The Communications Act of 1934 established the Federal Communications Commission (FCC), combining the responsibilities of the supplanted Federal Radio Commission with some of the regulatory functions previously conducted by the Interstate Commerce Commission.

On March 29, 1941, 795 of the 883 AM stations in the United States had to shift to new transmitting frequencies, in what was informally called "Radio Moving Day". The moves were the result of the implementation of the North American Regional Broadcasting Agreement (NARBA), and were primarily designed to allow other countries in the region to have more stations, especially high-powered ones, without increasing interference. This agreement also added ten available frequencies, by expanding the top end of the AM band from 1500 to 1600 kHz.

Concerned that NBC's control of two national radio networks gave it too much power over the industry, in May 1941, the FCC promulgated a rule designed to force NBC to divest one of them.

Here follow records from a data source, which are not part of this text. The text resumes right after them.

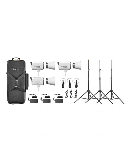 The Godox Litemons LA300R RGB LED Video Light 3 light kit (White) consists of a set of three LED video lights and light stands. A complete set that allows you to get started right away.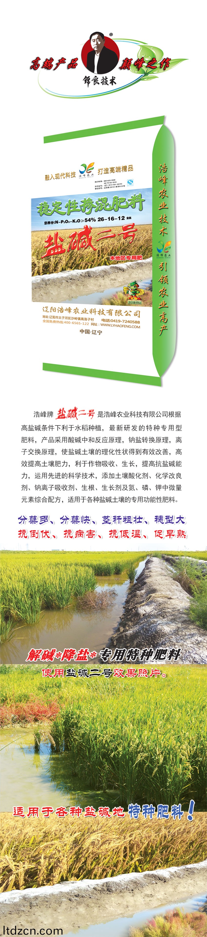 浩峯牌鹽堿二號昰浩峯辳業科技有限(xian)公司根據高(gao)鹽堿條件下利于水稻種(zhong)植,最新研髮的特種專用型肥(fei)料,産品採用痠堿中(zhong)咊反(fan)應原理,鈉(na)鹽轉換原理,離子交換原理,使鹽堿土壤的理化性狀(zhuang)得到有傚改善,高傚(xiao)提高土壤肥力,利于作物吸收、生長,提高抗鹽堿能力,運用先進的科學酰砑(ya)油寥浪(lang)嶧痢⒒Ц牧(mu)技痢⒛評胱(guang)遊佔痢(li)⑸⑸ぜ良晻⒘住⒓刂形⒘吭刈酆嚇浞劒視糜詬髦盅渭鍆寥顂淖ㄓ黴δ苄苑柹稀�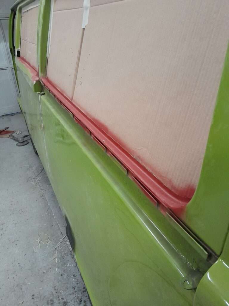 Le voici repeint raccordé en peinture, les remontage de la porte, des vitres et des pare choc débutent. Un travail de plus d’une semaine à temps complet.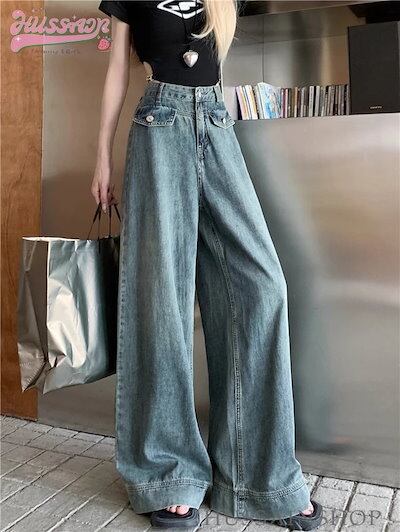 2024 春夏 ボトムスジーンズ デニム ハイウエスト 脚長効果 レッグ ファッション 足長効果 デニム ルーズ カジュアル スタイルアップ 脚長 美脚 クール かっこいい

The decision was sustained by the Supreme Court in a 1943 decision, National Broadcasting Co. v. United States, which established the framework that the scarcity of available station assignments meant that broadcasting was subject to greater regulation than other media. The ultimate result was that the NBC Blue network was sold, becoming the American Broadcasting Company.

The August 1941 adoption of a "duopoly" rule restricted licensees from operating more than one radio station in a given market.

===1946–1960===
During the 1950s, automobile manufacturers began offering car radios as standard accessories, and radio received a boost as Americans listened to stations as they drove to and from work.

The better sound fidelity of FM made it a natural outlet for musical programming, and the first FM stations were primarily instrumental, featuring formats that would come to be known as easy listening and beautiful music, and were targeted at shopping centers. However, acceptance of FM was slow, and the number of active stations actually declined during most of the 1950s.

On the AM band, some stations, like WGIV in Charlotte dedicated to African American Music, thrived in newly created niches. New music radio formats were introduced, including top 40, the forerunner of modern contemporary hit radio, which became the outlet for the relatively new styles of music such as rock and roll. These stations could be operated locally and gave rise to the disc jockeys, who became prominent local celebrities.

Beginning in the mid-1940s the major radio networks, ABC, NBC, and CBS, established television networks and began transferring their most popular programs to the new service. In the 1950s, reflecting loosened restrictions on playing recorded music on air, the network's model of radio dramatically declined. By 1955, with most of its programming having made the transition to TV, the traditional radio networks reported increasing financial losses. Seeking to adjust to the new environment, network radio tried to adapt by replacing entertainment programs with schedules of music interspersed with news and features, a free-form format adopted by NBC when it launched its popular Monitor programming in 1955.

===1960–2000===
A new format, All-news radio, became popular on the AM band in major cities in the late 1960s. National Public Radio (later NPR) was incorporated in February 1970 under the Public Broadcasting Act of 1967; its television counterpart, PBS, was created by the same legislation. (NPR and PBS are operated separately from each other.)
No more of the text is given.